[Task inputs — start]
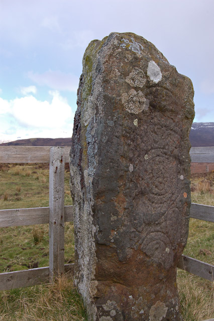 Clach Ard A close view of the markings on the south face of the Pictish Symbol Stone.
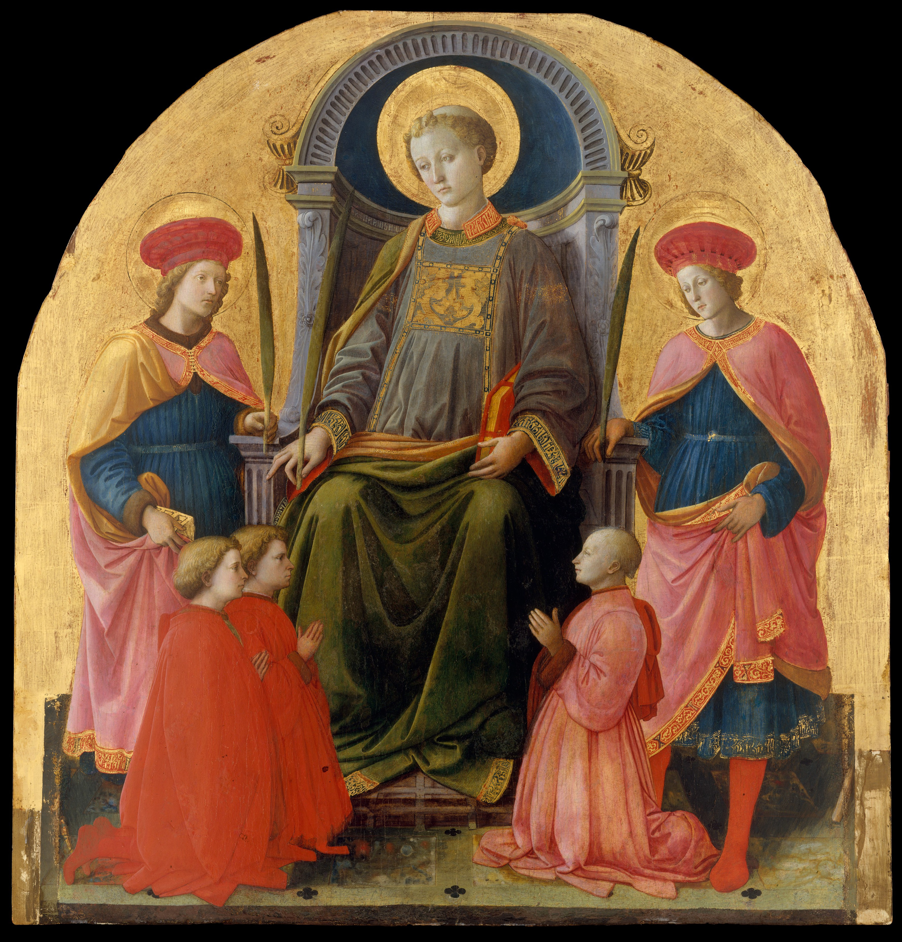 Painting, altarpiece; Paintings
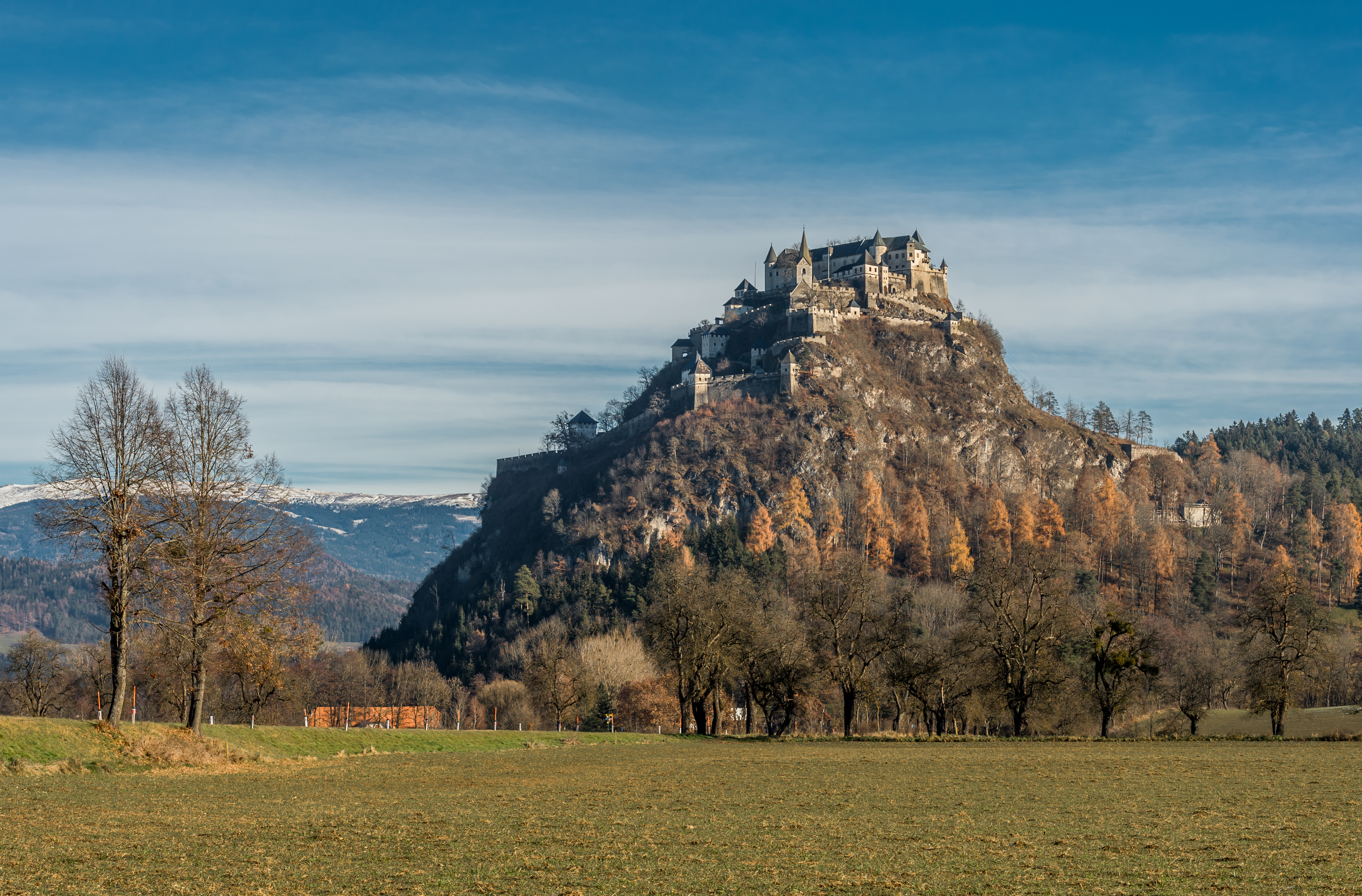 Castle Hochosterwitz, municipality Sankt Georgen am Laengsee, district Sankt Veit, Carinthia, Austria, EU
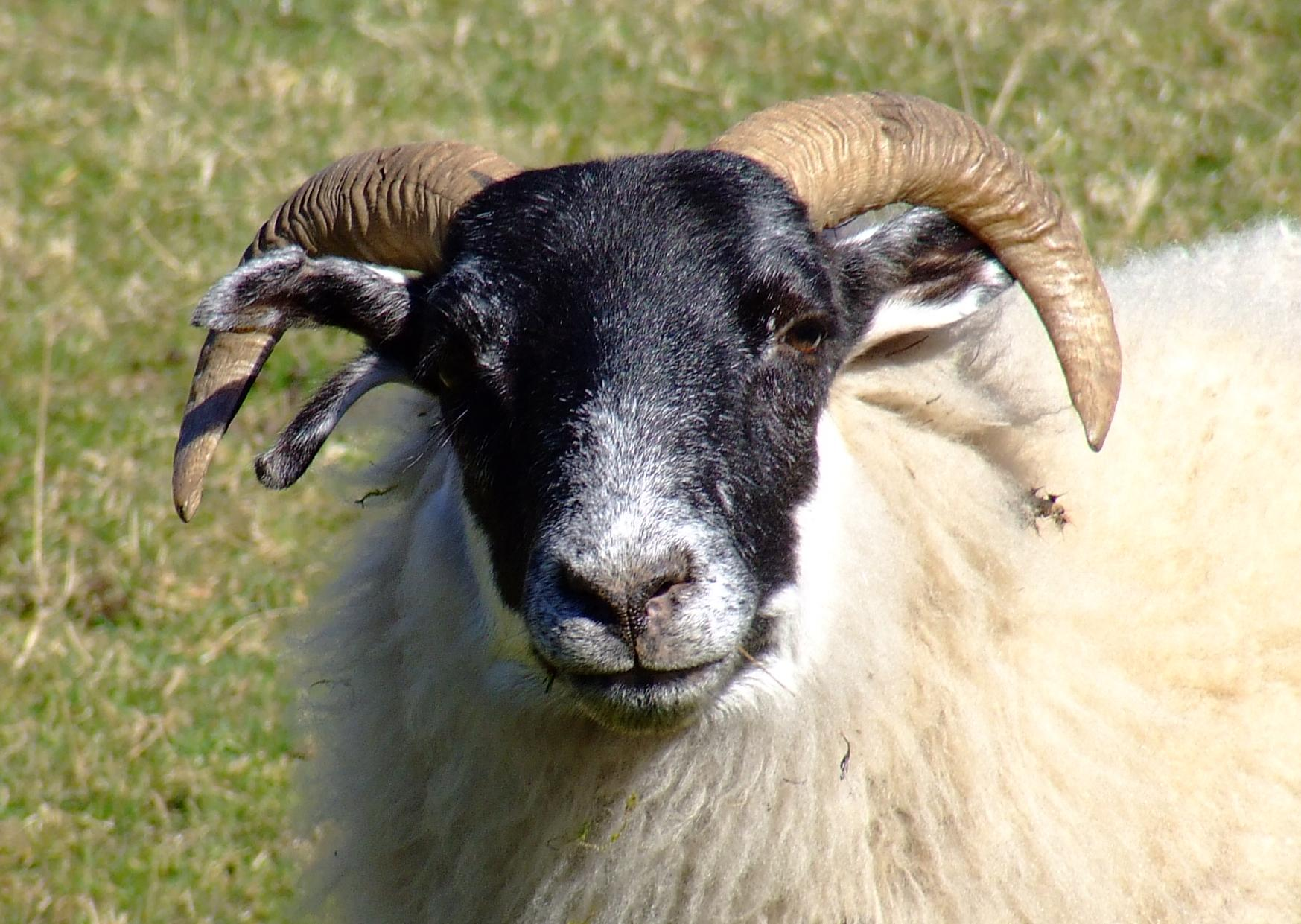 ram in Pentlands, taken by me with a Fuji S5600
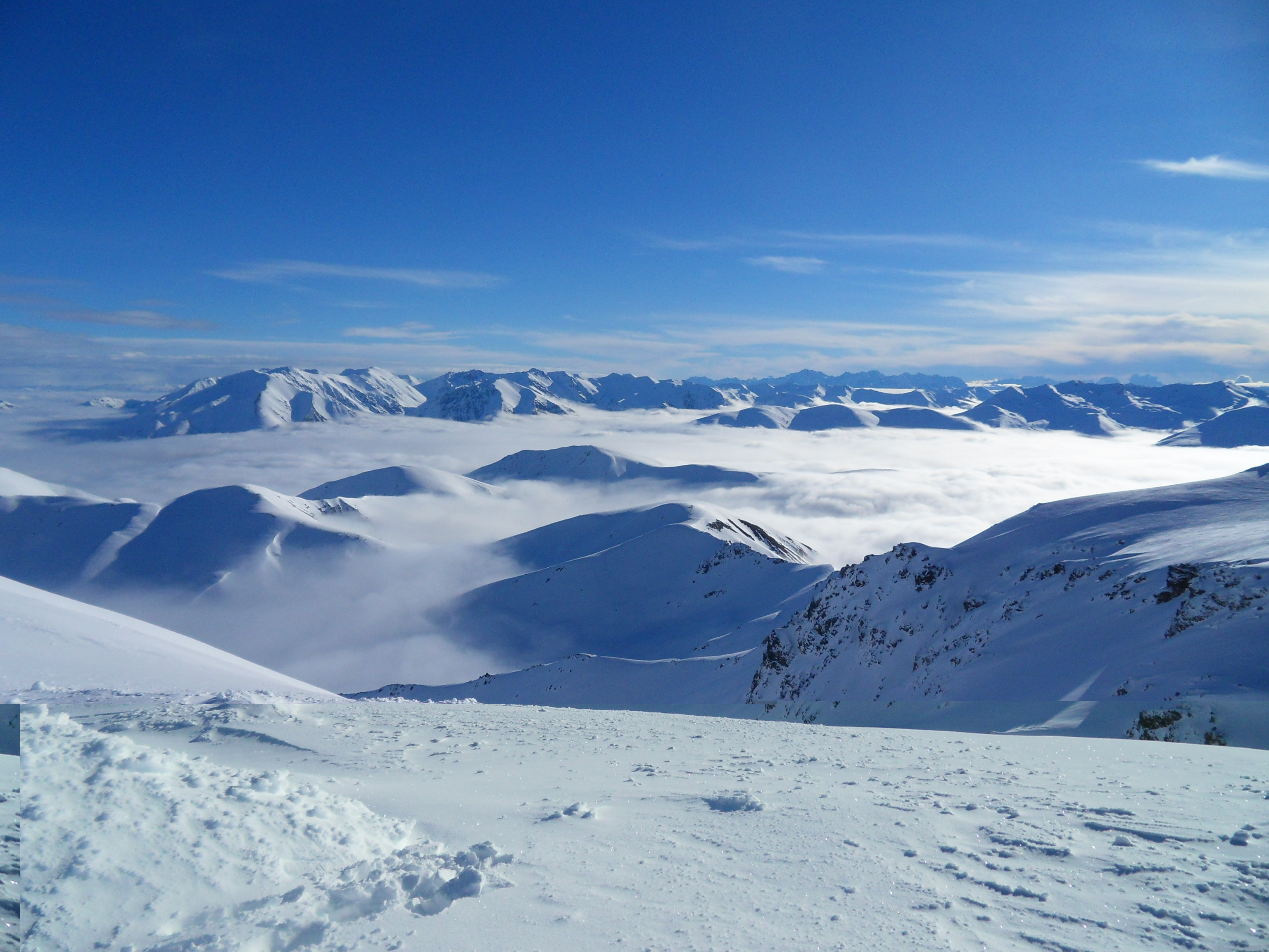 Southern Alps from Mt Hutt, New Zealand
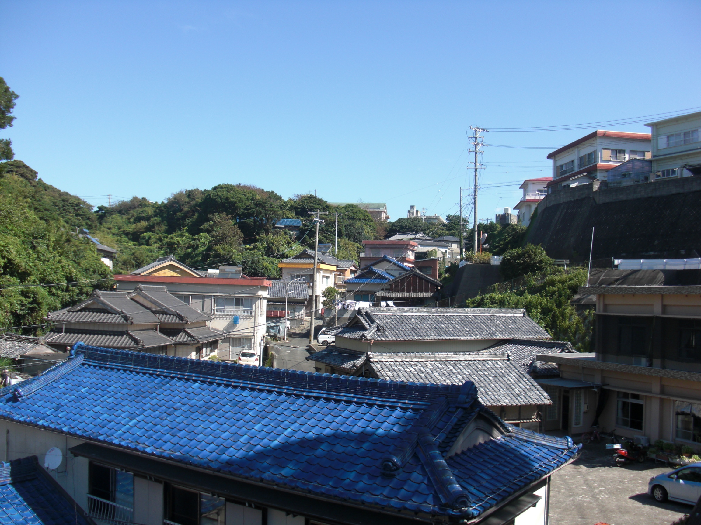 This is a landscape of Kuzaki-cho, Toba city, Mie prefecture, Japan.
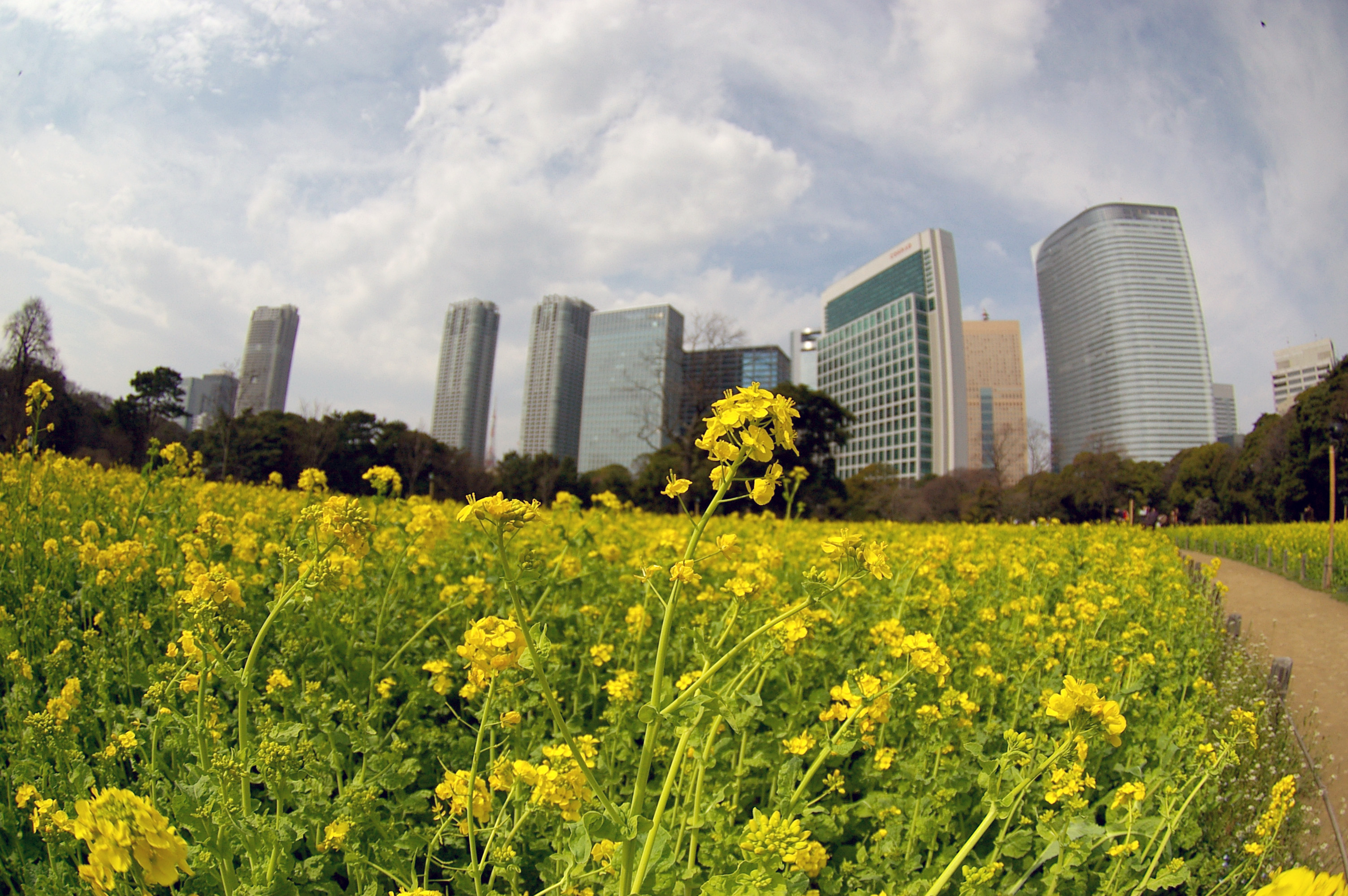 Photo by Yosemite. Rape blossoms and shiodome skyscrapers (in Tokyo).
[Task inputs — finish]
Work instructions - Transcribe only the lines between the line containing "Southern Alps from Mt Hutt, New Zealand" and the final line of the listing, inclusive, exactly as they appear; no pictures are to be included.

Answer section -
 Southern Alps from Mt Hutt, New Zealand
 This is a landscape of Kuzaki-cho, Toba city, Mie prefecture, Japan.
 Photo by Yosemite. Rape blossoms and shiodome skyscrapers (in Tokyo).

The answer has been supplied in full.